It being, however, certain that there are many considerable islands which lie between the extremities of Asia and America, viz. Japon, Yeso or Jedso, Gama’s Land, Behring’s Isle, with many others discovered by Tschirikow, and besides these, from fifty degrees north there appearing to be a cluster of islands that reach as far as Siberia, it is probable from their proximity to America, that it received its first inhabitants from them.
This conclusion is the most rational I am able to draw, supposing that since the Aborigines got footing on this continent, no extraordinary or sudden change in the position or surface of it has taken place, from inundations, earthquakes, or any revolutions of the earth that we are at present unacquainted with.
To me it appears highly improbable that it should have been peopled from different quarters, across the Ocean, as others have asserted. From the size of the ships made use of in those early ages, and the want of the compass, it cannot be supposed that any maritime nation would by choice venture over the unfathomable Ocean in search of distant continents. Had this however been attempted, or had America been first accidentally peopled from ships freighted with passengers of both sexes which were driven by strong easterly winds across the Atlantic, these settlers must have retained some traces of the language of the country from whence they migrated; and this since the discovery of it by the Europeans must have been made out. It also appears extraordinary that several of these accidental migrations, as allowed by some, and these from different parts, should have taken place.
Upon the whole, after the most critical enquiries, and the maturest deliberation, I am of opinion, that America received its first inhabitants from the north-east, by way of the great archipelago just mentioned, and from these alone. But this might have been effected at different times, and from various parts: from Tartary, China, Japon, or Kamschatka, the inhabitants of these places resembling each other in colour, features, and shape; and who, before some of them acquired a knowledge of the arts and sciences, might have likewise resembled each other in their manners, customs, religion, and language.
The only difference between the Chinese nation and the Tartars lies in the cultivated state of the one, and the unpolished situation of the others. The former have become a commercial people, and dwell in houses formed into regular towns and cities; the latter live chiefly in tents, and rove about in different hords, without any fixed abode. Nor can the long and bloody wars these two nations have been engaged in, exterminate their hereditary similitude. The present family of the Chinese emperors is of Tartarian extraction; and if they were not sensible of some claim beside that of conquest, so numerous a people would scarcely sit quiet under the dominion of strangers.

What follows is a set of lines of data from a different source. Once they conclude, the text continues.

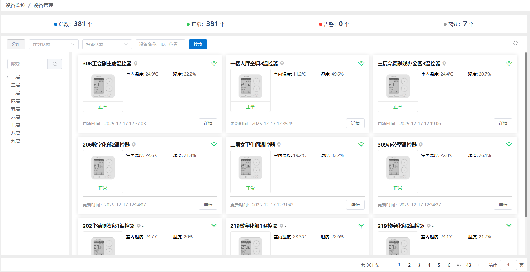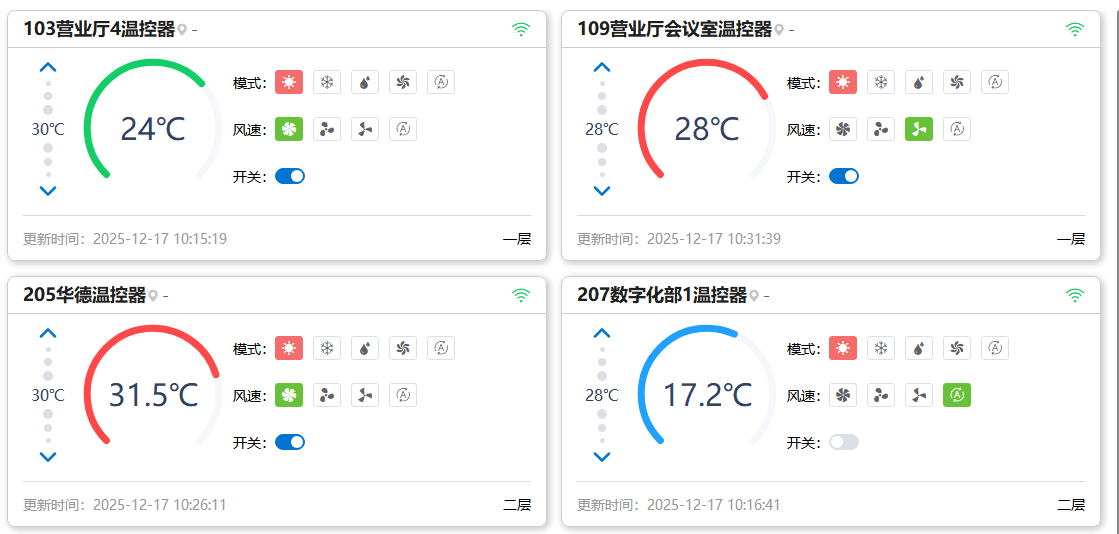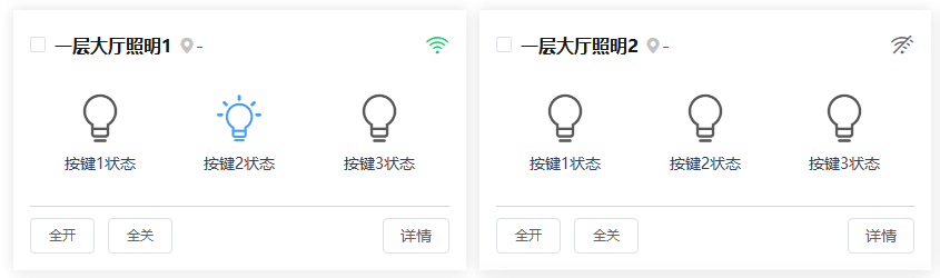- 设备在线离线:卡片中"WiFi"图标绿色在线,灰色离线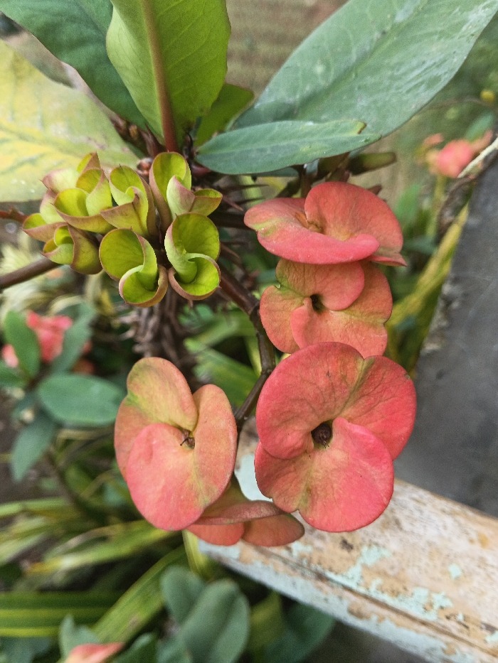 A close-up reveals a vibrant Crown of Thorns plant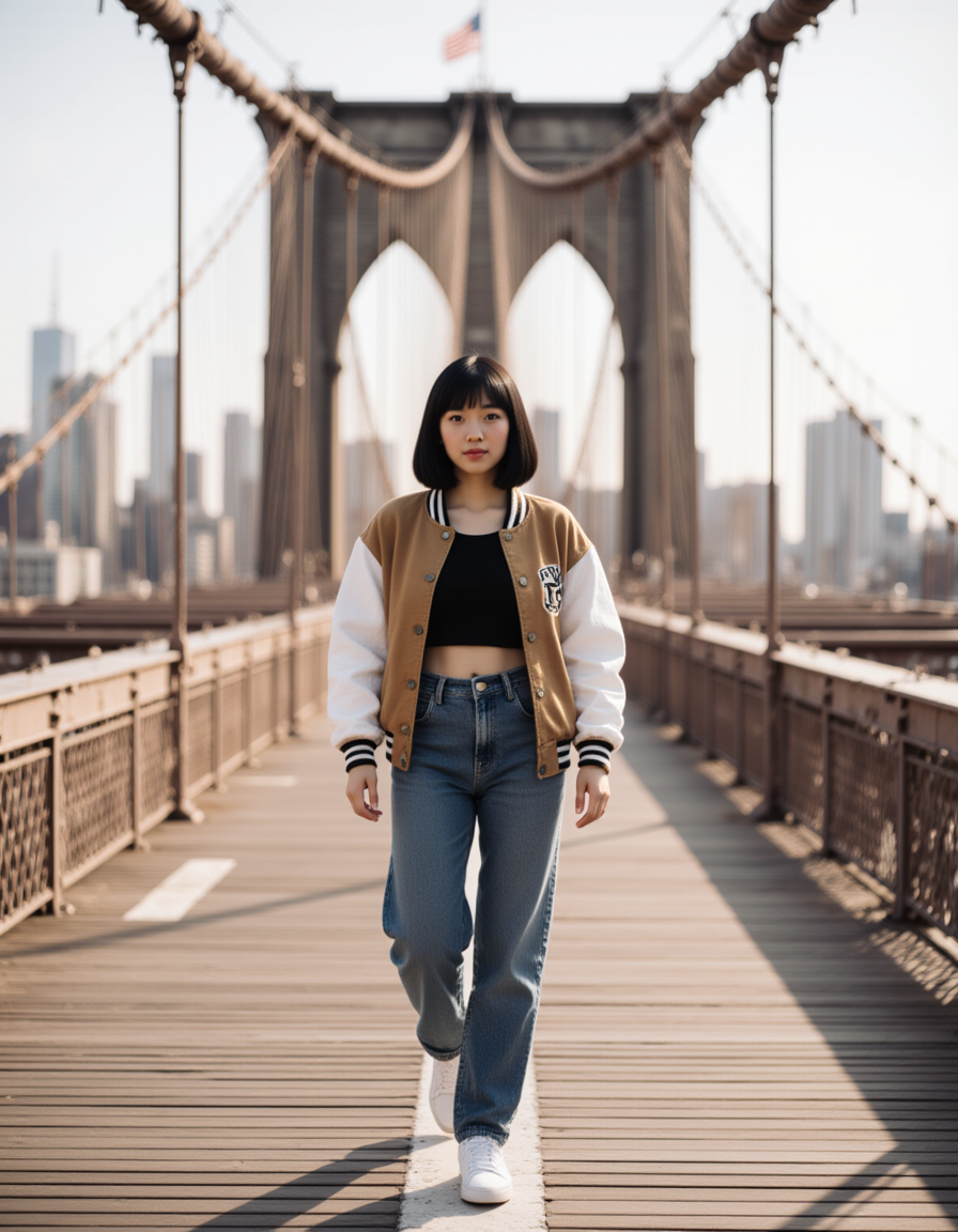 A fashionable model caught mid-stride on the wooden promenade of the Brooklyn Bridge in New York City, wearing an oversized vintage varsity jacket over a crop top and baggy cargo jeans. She is looking directly at the camera with a confident smile, with the complex web of bridge cables and the Manhattan skyline in the background under bright daylight.

It is very evident that some of the manners and customs of the American Indians resemble those of the Tartars; and I make no doubt but that in some future æra, and this not a very distant one, it will be reduced to a certainty, that during some of the wars between the Tartars and the Chinese, a part of the inhabitants of the northern provinces were driven from their native country, and took refuge in some of the isles before-mentioned, and from thence found their way into America. At different periods each nation might prove victorious, and the conquered by turns fly before their conquerors; and from hence might arise the similitude of the Indians to all these people, and that animosity which exists between so many of their tribes.
It appears plainly to me that a great similarity between the Indian and Chinese is conspicuous in that particular custom of shaving or plucking off the hair, and leaving only a small tuft on the crown of the head. This mode is said to have been enjoined by the Tartarian emperors on their accession to the throne of China, and consequently is a further proof that this custom was in use among the Tartars; to whom as well as the Chinese, the Americans might be indebted for it.
Many words also are used both by the Chinese and Indians, which have a resemblance to each other, not only in their sound, but their signification. The Chinese call a slave, shungo; and the Naudowessie Indians, whose language from their little intercourse with the Europeans is the least corrupted, term a dog, shungush. The former denominate one species of their tea, shousong; the latter call their tobacco, shousassau. Many other of the words used by the Indians contain the syllables che, chaw, and chu, after the dialect of the Chinese.
There probably might be found a similar connection between the language of the Tartars and the American Aborigines, were we as well acquainted with it as we are, from a commercial intercourse, with that of the Chinese.
I am confirmed in these conjectures, by the accounts of Kamschatka published a few years ago by order of the Empress of Russia. The author of which says, that the sea which divides that peninsula from America is full of islands; and that the distance between Tschukotskoi-Noss, a promontory which lies at the eastern extremity of that country, and the coast of America, is not more than two degrees and a half of a great circle. He further says, that there is the greatest reason to suppose that Asia and America once joined at this place, as the coasts of both continents appear to have been broken into capes and bays, which answer each other; more especially as the inhabitants of this part of both resemble each other in their persons, habits, customs, and food. Their language, indeed, he observes, does not appear to be the same, but then the inhabitants of each district in Kamschatka speak a language as different from each other, as from that spoken on the opposite coast. These observations, to which he adds, the similarity of the boats of the inhabitants of each coast, and a remark that the natives of this part of America are wholly strangers to wine and tobacco, which he looks upon as a proof that they have as yet had no communication with the natives of Europe, he says, amount to little less than a demonstration that America was peopled from this part of Asia.